Vi sono molti che non accettano in nessun modo il comando del perdono e covano nel proprio cuore un odio e un rancore che non solo non diminuisce, anzi va sempre più aumentando così da diventare diabolico.
Come si potranno chiamare cristiani costoro?
È necessario convertirsi perché la scure è alla radice. È necessario diventare buoni, perdonare ed amare, perché Dio sarà inesorabilmente giusto e severo con coloro che non usano misericordia.
Così, confrontando i diversi passi evangelici col vostro modo di comportarvi, vi accorgerete che qualche volta assomigliate ai farisei. C'è solo un'apparenza di fedeltà alla Legge, ma non un vivere integralmente la sostanza della Legge. Così qualche volta potrete riscontrare la infedeltà di Pietro che, vinto dal rispetto umano, diventa spergiuro, oppure vi qualificherete in Nicodemo che viene di notte in cerca di me.
Ogni personaggio del Vangelo può trovare il suo sosia nel mondo moderno.
La vostra conversione deve presentare la fede, la decisione e l'amore del buon ladrone, della samaritana, dell'adultera, della Maddalena, perché sia vera. Non perché voi siate caduti nei delitti e nei peccati di costoro, ma perché il pentimento delle vostre colpe deve farvi volgere a Dio con tanta sicurezza e buona volontà da fargli dimenticare ogni cosa del vostro passato.
Figli che io amo infinitamente, guardate il mio volto, guardate il mio cuore. Immergetevi in me e siano in voi santi pensieri e santi affetti. Non pretendete di richiamare gli altri con le sole vostre parole e nemmeno con azioni apostoliche affaticanti il corpo e lo spirito. Le conversioni sono io che le opero e mi servo di voi in misura che voi vi rendete simili a me, vivendo il Vangelo e mi amate.
Io desidero degli apostoli entusiasti e ferventi. Il passato di ognuno lo seppellisco nel mio cuore, quando lo detestate. Di esso conservo solamente il bene che fate, del quale non mi scorderò mai.
Ma il momento presente, che io vi dono perché lo adoperiate per la gloria di Dio e per il bene delle anime, io lo depongo nelle vostre mani.
Mi piace quando, spinti da desideri santi, andate pensando che cosa dovreste fare per piacermi e mi piace ancora di più quando, riconoscendo le vostre colpe, le piangete e, riconoscendo i vostri limiti, vi affidate a me perché supplisca alla vostra debolezza con la mia forza.

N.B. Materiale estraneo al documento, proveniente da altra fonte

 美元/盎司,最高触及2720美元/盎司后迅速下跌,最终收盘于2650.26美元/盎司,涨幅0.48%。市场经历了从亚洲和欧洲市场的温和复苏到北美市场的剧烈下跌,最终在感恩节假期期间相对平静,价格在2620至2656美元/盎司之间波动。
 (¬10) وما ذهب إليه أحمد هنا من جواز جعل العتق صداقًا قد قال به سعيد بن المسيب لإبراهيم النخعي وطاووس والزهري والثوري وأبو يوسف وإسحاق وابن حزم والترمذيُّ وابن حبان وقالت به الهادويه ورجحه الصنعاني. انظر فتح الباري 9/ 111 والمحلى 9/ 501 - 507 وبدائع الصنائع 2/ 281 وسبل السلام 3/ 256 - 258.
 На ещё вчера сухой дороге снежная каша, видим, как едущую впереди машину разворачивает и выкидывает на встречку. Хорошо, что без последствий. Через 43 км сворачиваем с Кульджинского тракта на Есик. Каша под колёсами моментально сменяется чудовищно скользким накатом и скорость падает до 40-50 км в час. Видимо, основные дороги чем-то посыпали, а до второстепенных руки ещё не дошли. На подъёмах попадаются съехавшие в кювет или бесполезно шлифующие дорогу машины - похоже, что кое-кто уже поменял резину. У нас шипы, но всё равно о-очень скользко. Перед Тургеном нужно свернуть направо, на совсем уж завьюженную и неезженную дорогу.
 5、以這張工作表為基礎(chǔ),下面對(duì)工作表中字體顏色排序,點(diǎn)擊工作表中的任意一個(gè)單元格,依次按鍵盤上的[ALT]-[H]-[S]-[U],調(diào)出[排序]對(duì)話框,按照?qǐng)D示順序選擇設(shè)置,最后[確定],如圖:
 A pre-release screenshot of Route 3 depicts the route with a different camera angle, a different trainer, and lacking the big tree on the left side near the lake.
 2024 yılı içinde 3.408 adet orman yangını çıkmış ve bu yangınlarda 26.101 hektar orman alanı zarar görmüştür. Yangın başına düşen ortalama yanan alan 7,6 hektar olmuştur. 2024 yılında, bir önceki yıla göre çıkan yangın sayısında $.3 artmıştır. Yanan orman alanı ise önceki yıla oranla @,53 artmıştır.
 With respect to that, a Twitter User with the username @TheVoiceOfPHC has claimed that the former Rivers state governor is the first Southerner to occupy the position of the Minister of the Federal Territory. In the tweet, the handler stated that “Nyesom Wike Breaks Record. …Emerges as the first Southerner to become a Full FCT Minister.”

Voglio che siate i miei araldi: ma anzitutto occorre purificarsi e togliere il peccato e tra essi l'amor proprio che rovina ogni azione, rendendola o vana o peccaminosa anche se iniziata bene.
La vostra conversione sarà operata da me, ma deve essere voluta da voi con un atto deciso della vostra volontà e ottenuta attraverso la preghiera.

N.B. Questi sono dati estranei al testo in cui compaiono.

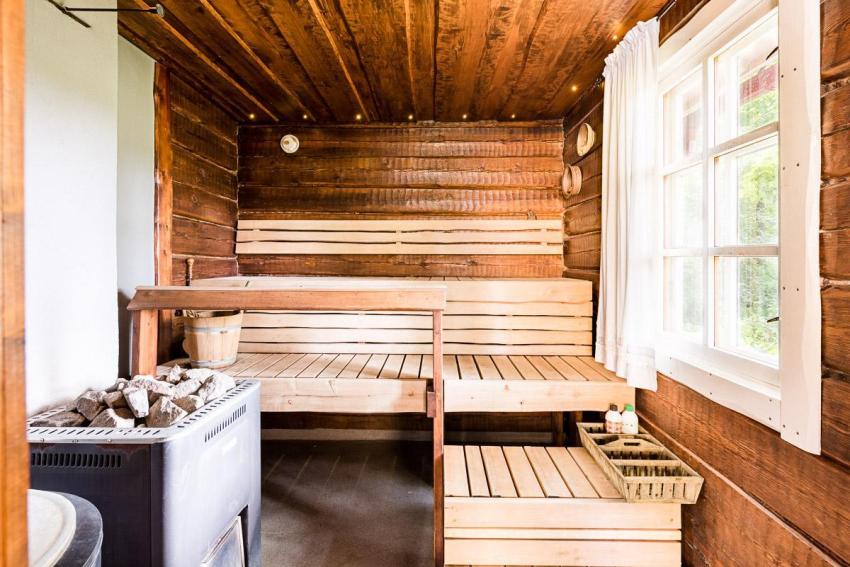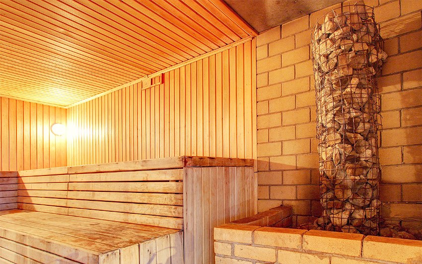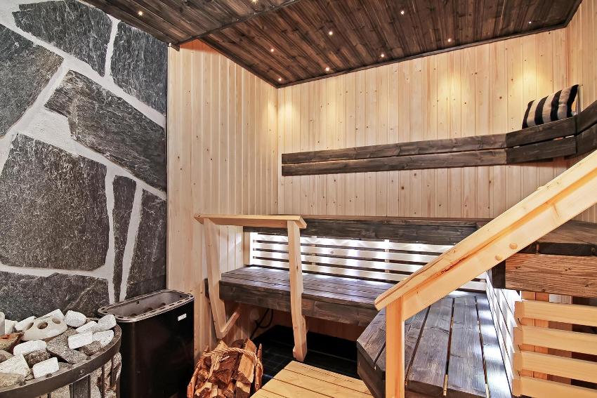 It is necessary to understand that the maximum temperature is kept under the ceiling, which is why it is necessary to choose lining for this surface from rocks in which there is a small amount of resins, otherwise their drops can burn the skin when falling. The finishing of the place where the stove will stand must be made of non-combustible materials - tiles, bricks.
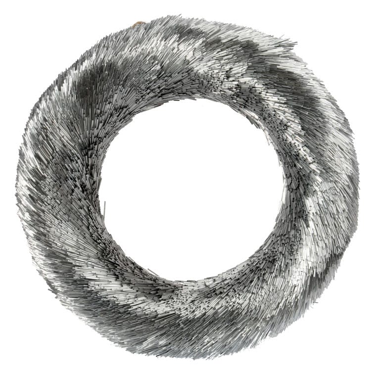 Wianek stroik z materiału przypominającego elegancką, srebrną słomę to wyjątkowa dekoracja, która doda blasku i świątecznej atmosfery każdemu wnętrzu. Dzięki swojemu oryginalnemu designowi doskonale nadaje się do przystrojenia drzwi, okien, kominków czy ścian, wprowadzając magiczny klimat Bożego Narodzenia. Ten dekoracyjny wianek świetnie sprawdzi się również jako elegancki dodatek do stołu, będąc idealnym elementem wszelkiego rodzaju kompozycji florystycznych. Jego srebrna kolorystyka nadaje mu stylowy i nowoczesny charakter, który świetnie wpisuje się w świąteczne dekoracje. Może być także doskonałym prezentem dla bliskiej osoby, łącząc estetykę z funkcjonalnością.

Vi furono lungo i secoli persone che, volendo raggiungere la santità, credettero di conquistarla con le sole loro forze, con penitenze corporali debilitanti e con azioni importanti con cui si attiravano l'ammirazione degli uomini. Essi caddero e generarono con la loro presunzione eresie, scismi e mali gravissimi alla Chiesa e alle loro anime.

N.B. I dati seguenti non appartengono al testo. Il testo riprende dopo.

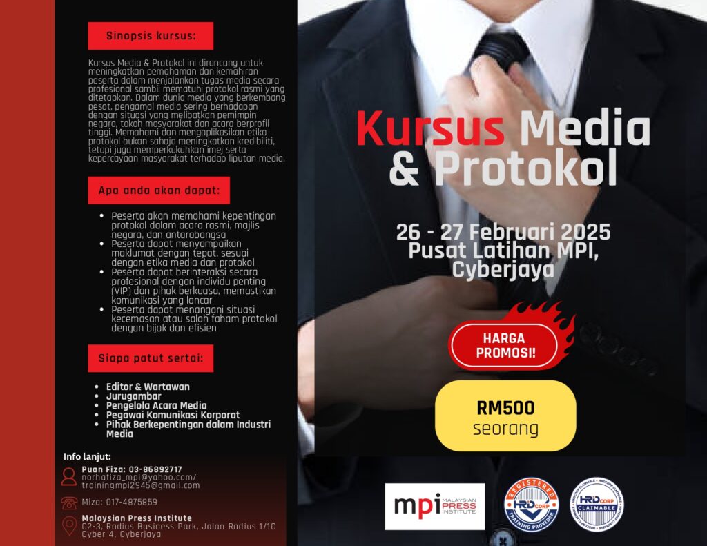 Kursus media dan protokol ini dirancang untuk meningkatkan pemahaman dan kemahiran peserta sambil mematuhi protokol rasmi yang ditetapkan. Dalam dunia media yang berkembang pesat, pengamal media sering berhadapan dengan situasi yang melibatkan pemimpin negara, tokoh masyarakat dan acara berprofil tinggi. Memahami dan mengaplikasikan etika protokol bukan sahaja meningkatkan kredibitili, tetapi juga memperkukuhkan imej serta kepercayaan masyarakat terhadap liputan media.

La vostra santità deve essere guidata da me, deve essere accompagnata dalla preghiera, vivificata dall'amore. Il primo passo consiste nella fuga dal peccato mortale, poi in quella dal peccato veniale. Man mano che il peccato, che è tenebra, scompare, entra la luce e si desidera di perfezionarsi.
La ricerca della perfezione comporta però di staccarsi dalle creature e da se stessi, per volgere a Dio ogni affetto. Quando voi sarete liberi da tutte le pastoie che vi tengono legati come uccelli in una gabbia, avrete raggiunto la meta e molto probabilmente dovrete combattere tutta la vita per arrivare a quel punto.
Coraggio! Coraggio! Una conversione per ciascuno e il mio cuore aperto per tutti.
Vi benedico, figli. Vi benedico ancora e vi ricordo: non siate cristiani all'acqua di rose, ma ferventi come il vino genuino che ferve nelle botti al momento della vendemmia.
Il demonio fa le sue vendemmie, voi dovete fare le vostre, trasformandovi in apostoli d'amore.